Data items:

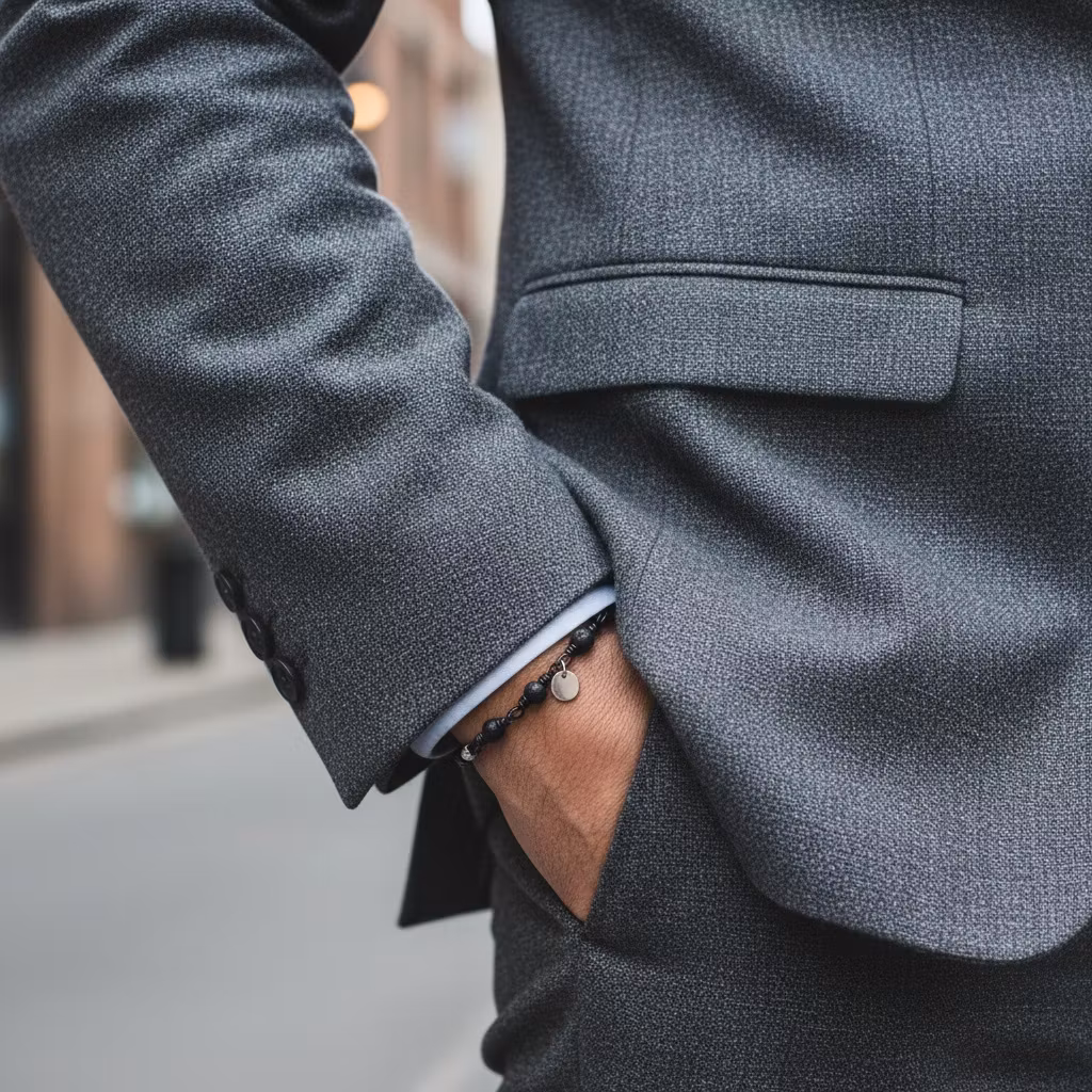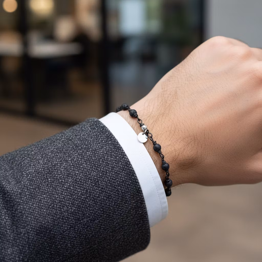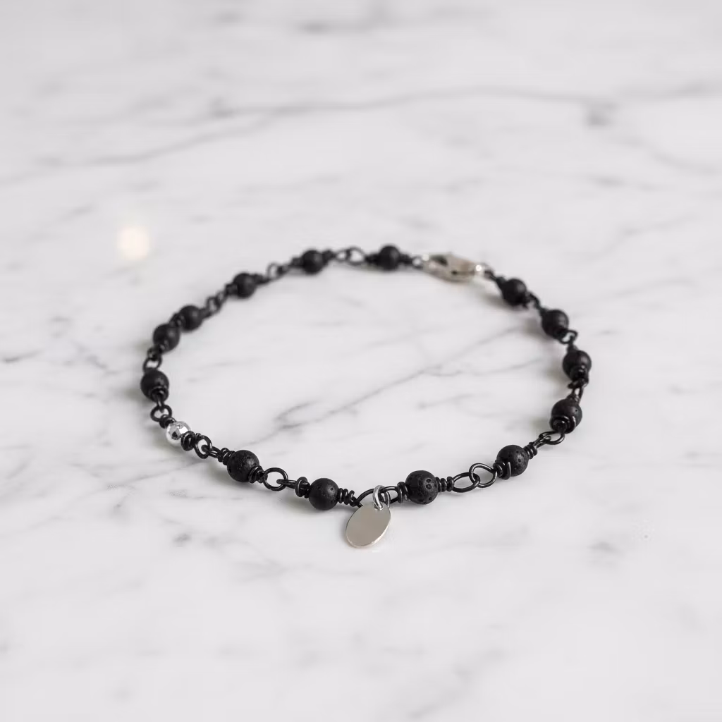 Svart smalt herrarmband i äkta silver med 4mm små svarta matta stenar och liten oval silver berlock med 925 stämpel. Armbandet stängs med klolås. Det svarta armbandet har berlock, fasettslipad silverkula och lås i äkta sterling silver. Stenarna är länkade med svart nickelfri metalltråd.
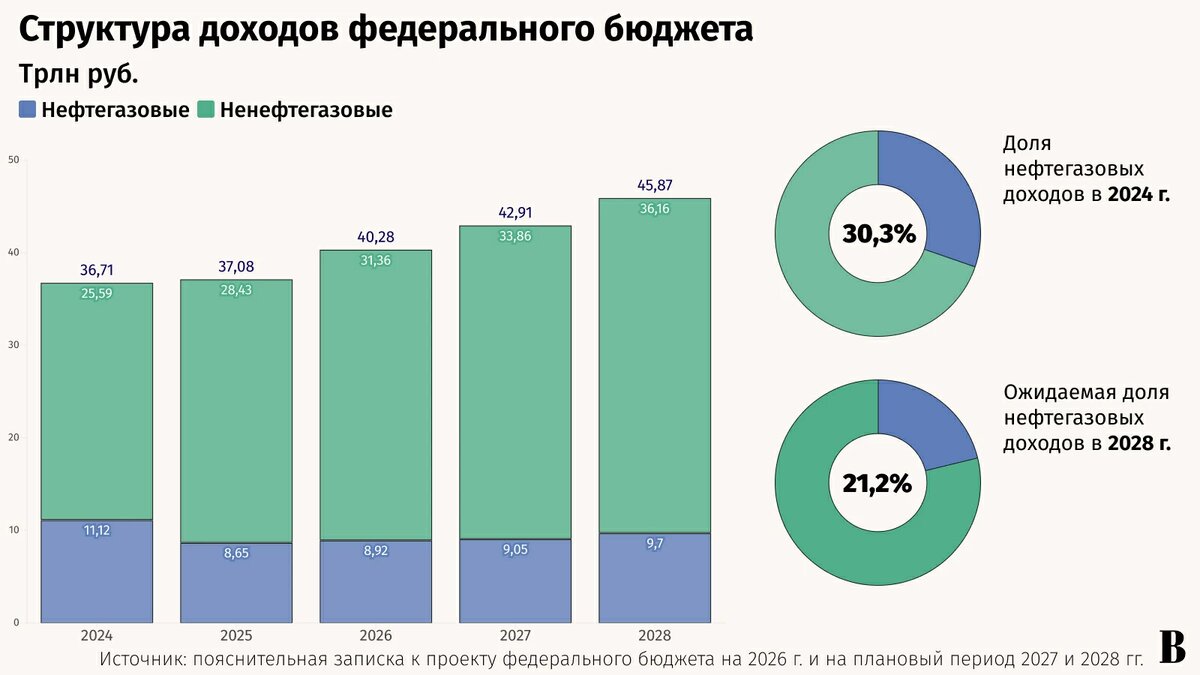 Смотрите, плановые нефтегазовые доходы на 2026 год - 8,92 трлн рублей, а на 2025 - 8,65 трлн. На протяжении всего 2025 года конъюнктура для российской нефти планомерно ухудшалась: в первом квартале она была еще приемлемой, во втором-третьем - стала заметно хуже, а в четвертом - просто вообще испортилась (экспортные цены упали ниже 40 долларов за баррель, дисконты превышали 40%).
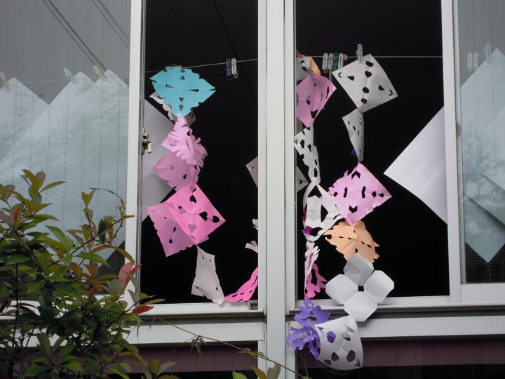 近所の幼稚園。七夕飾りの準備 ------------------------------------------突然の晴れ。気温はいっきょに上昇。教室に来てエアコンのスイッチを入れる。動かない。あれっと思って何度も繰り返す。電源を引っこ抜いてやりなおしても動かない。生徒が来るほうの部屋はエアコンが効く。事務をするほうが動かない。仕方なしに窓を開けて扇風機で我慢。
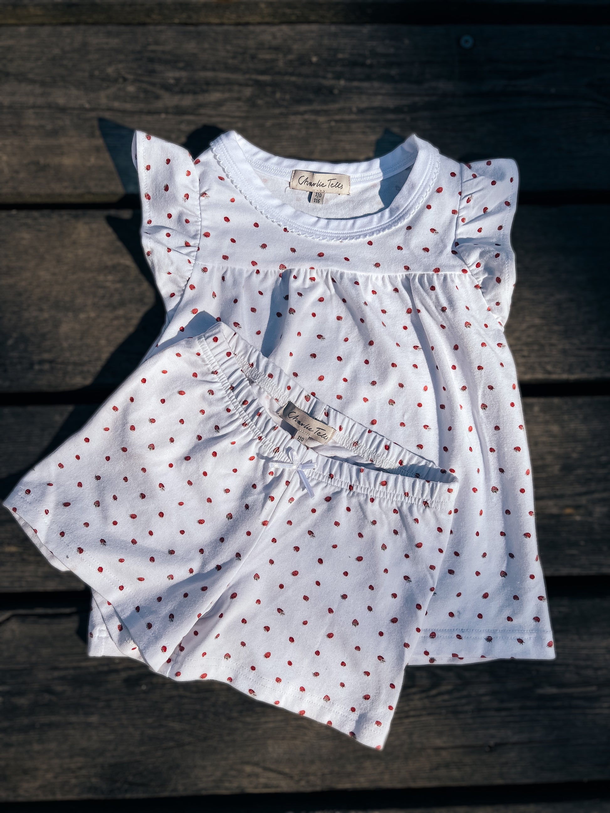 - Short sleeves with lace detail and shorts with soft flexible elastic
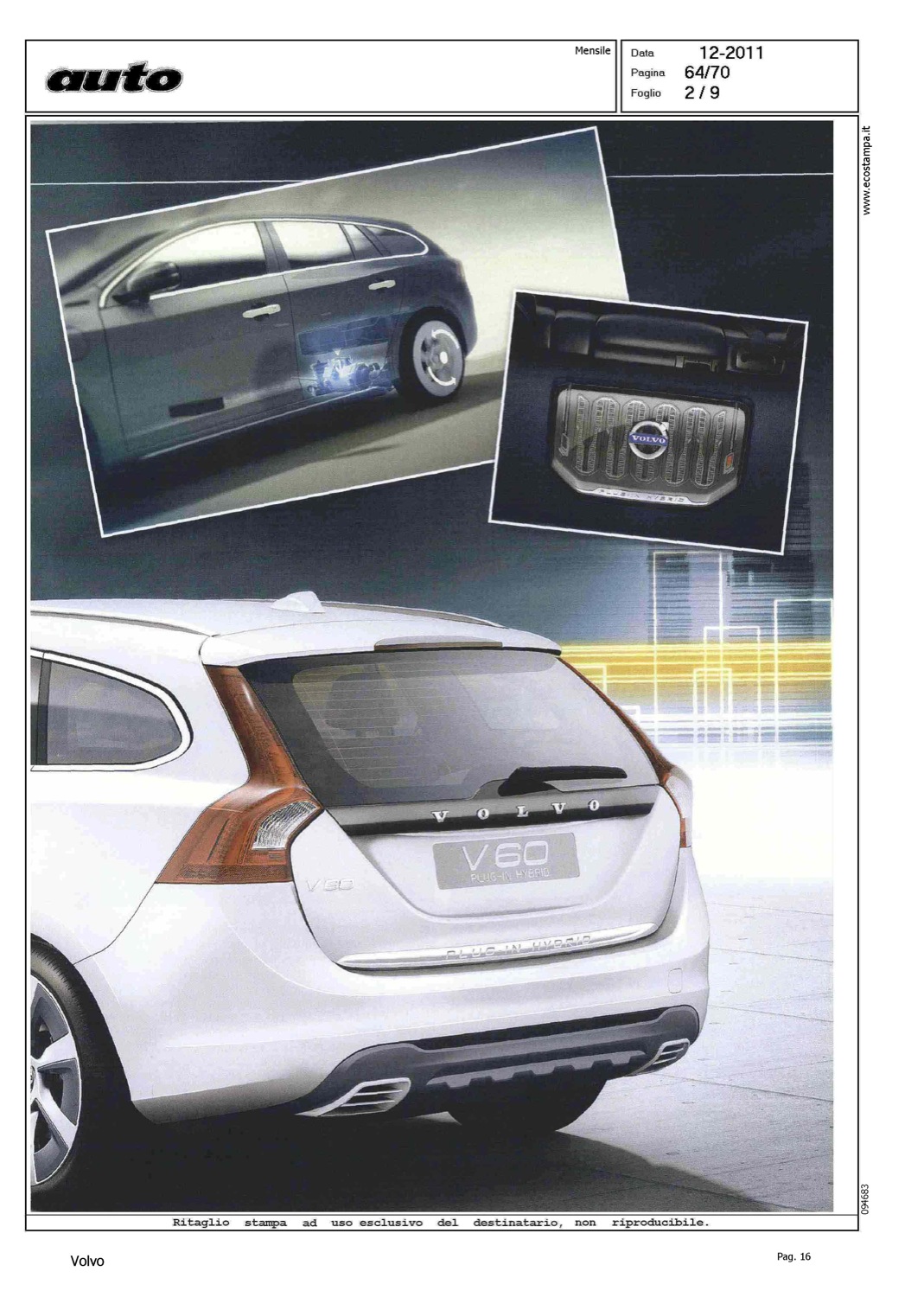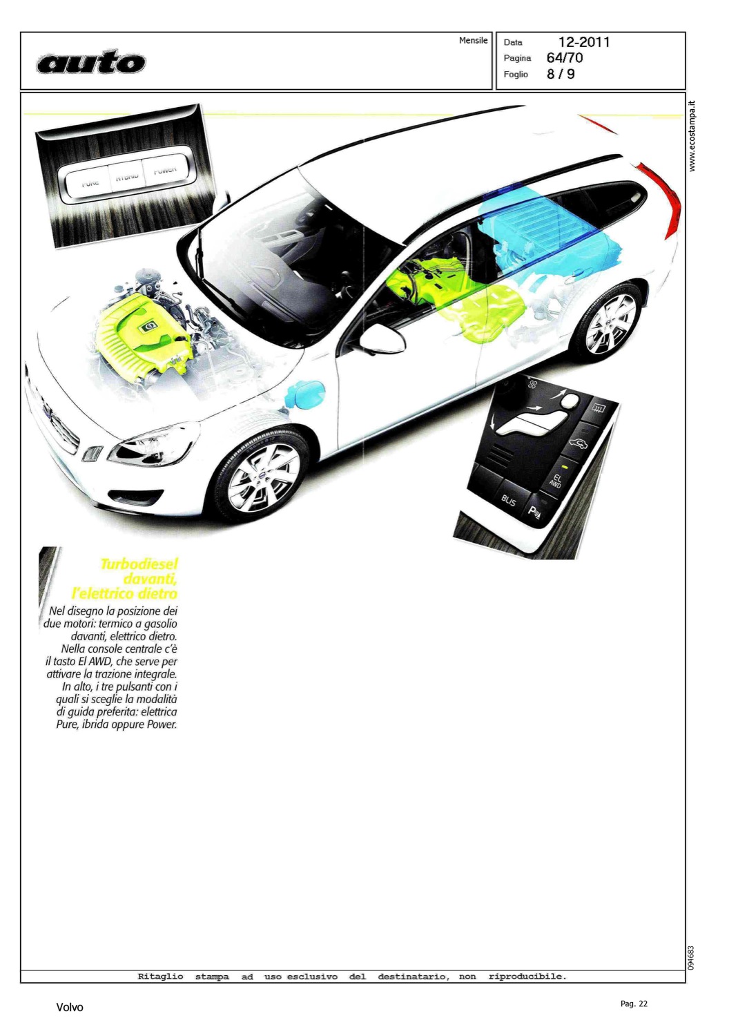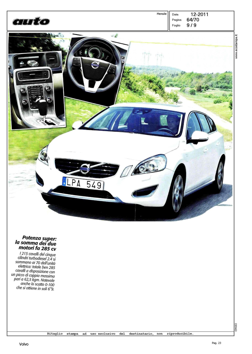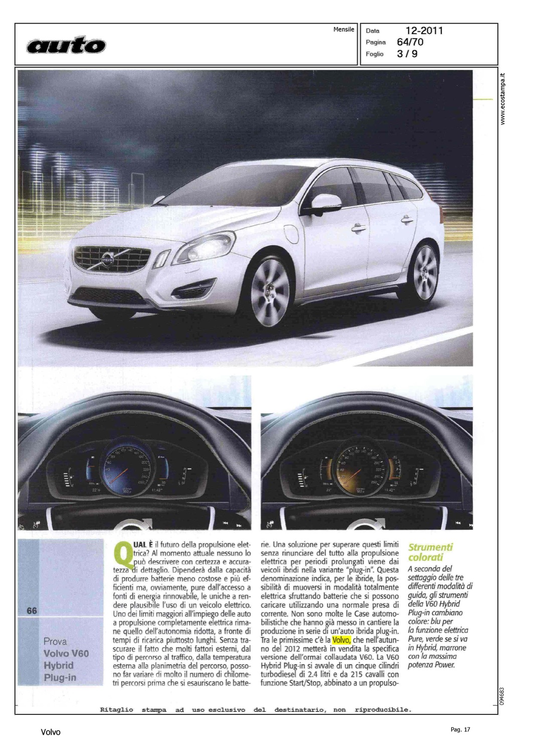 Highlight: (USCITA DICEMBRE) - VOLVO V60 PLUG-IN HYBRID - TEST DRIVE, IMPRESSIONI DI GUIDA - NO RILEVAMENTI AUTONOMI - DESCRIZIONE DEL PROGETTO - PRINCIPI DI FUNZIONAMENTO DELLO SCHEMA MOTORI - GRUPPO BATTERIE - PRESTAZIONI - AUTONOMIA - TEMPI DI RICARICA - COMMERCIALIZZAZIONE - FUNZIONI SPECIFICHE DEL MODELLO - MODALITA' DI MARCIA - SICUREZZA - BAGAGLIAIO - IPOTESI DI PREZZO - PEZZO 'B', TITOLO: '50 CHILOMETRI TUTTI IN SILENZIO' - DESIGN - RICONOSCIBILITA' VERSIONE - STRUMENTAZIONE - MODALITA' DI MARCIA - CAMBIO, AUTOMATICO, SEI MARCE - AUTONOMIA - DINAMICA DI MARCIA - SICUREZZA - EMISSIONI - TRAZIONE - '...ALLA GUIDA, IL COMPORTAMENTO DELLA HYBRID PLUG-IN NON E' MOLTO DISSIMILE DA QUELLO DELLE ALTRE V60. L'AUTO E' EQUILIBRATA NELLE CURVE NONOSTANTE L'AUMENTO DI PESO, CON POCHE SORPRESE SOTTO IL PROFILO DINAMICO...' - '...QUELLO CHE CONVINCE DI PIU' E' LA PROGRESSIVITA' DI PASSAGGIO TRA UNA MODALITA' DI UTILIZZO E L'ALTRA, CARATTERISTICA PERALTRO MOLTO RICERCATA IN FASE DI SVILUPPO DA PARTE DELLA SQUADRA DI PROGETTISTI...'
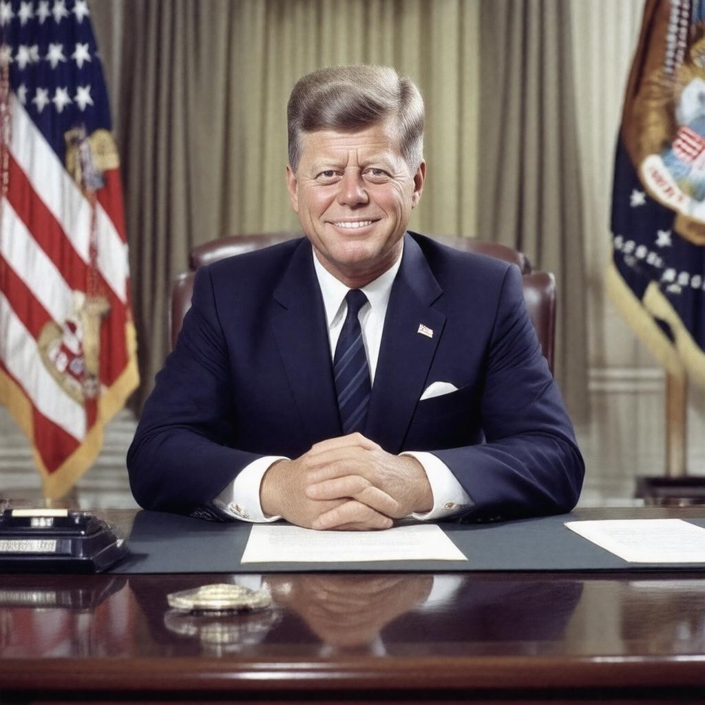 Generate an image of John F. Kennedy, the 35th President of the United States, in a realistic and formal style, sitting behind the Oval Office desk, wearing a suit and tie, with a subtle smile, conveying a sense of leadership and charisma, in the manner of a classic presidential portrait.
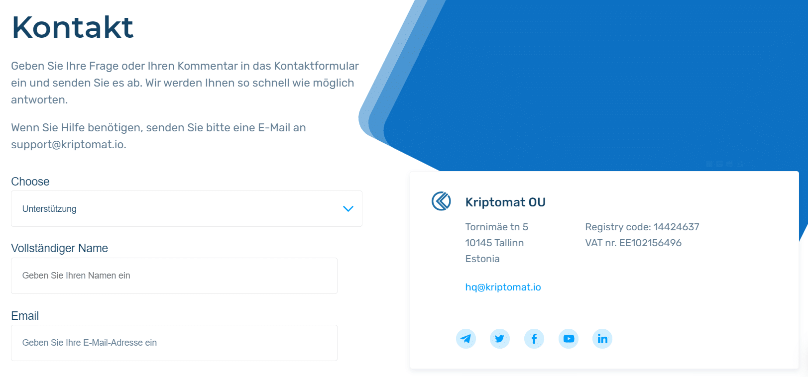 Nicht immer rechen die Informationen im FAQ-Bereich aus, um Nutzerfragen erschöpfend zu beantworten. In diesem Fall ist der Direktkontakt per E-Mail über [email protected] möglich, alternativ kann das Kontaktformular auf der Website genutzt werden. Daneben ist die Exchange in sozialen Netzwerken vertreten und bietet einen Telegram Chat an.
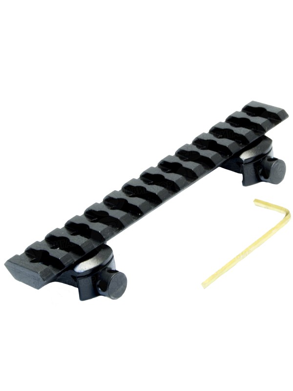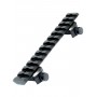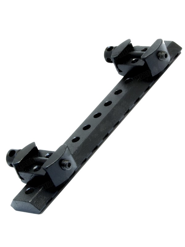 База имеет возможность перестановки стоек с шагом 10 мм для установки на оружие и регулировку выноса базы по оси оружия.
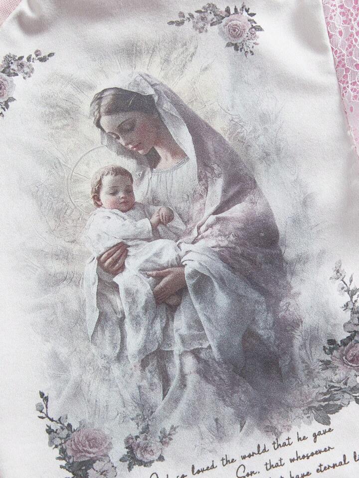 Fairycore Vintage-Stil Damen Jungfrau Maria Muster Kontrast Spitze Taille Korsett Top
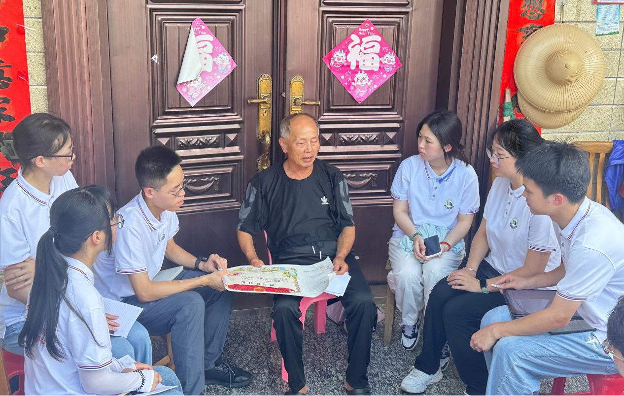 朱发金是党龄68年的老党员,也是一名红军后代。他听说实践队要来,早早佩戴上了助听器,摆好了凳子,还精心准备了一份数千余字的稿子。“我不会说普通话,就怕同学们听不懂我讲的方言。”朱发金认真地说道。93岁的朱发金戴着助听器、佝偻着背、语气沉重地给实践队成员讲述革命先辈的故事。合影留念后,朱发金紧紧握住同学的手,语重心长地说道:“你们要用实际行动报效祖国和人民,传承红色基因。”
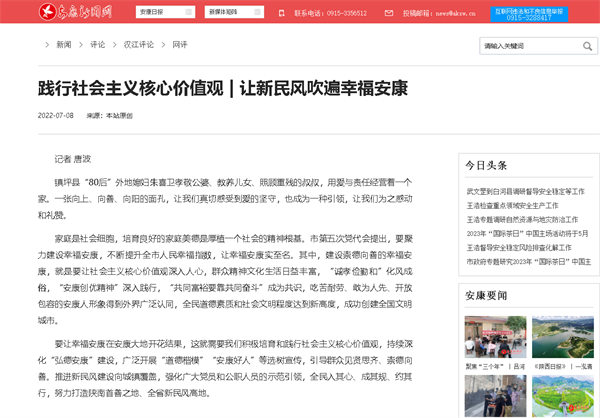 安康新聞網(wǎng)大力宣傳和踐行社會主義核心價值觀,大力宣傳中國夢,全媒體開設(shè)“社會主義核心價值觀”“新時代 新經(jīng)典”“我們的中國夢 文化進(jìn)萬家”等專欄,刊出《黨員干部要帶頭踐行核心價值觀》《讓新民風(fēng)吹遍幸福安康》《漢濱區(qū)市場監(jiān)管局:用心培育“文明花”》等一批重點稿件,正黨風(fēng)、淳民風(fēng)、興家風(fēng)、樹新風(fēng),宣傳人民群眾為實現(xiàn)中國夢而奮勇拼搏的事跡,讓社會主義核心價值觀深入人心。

_ABOUT THIS EXERCISE_
Above are the records; please give again, exactly and in full, only the lines that run from the line with "近所の幼稚園。七夕飾りの準備" through the line with "- Short sleeves", with no pictures.

_TASK ANSWER_
 近所の幼稚園。七夕飾りの準備 ------------------------------------------突然の晴れ。気温はいっきょに上昇。教室に来てエアコンのスイッチを入れる。動かない。あれっと思って何度も繰り返す。電源を引っこ抜いてやりなおしても動かない。生徒が来るほうの部屋はエアコンが効く。事務をするほうが動かない。仕方なしに窓を開けて扇風機で我慢。
 - Short sleeves with lace detail and shorts with soft flexible elastic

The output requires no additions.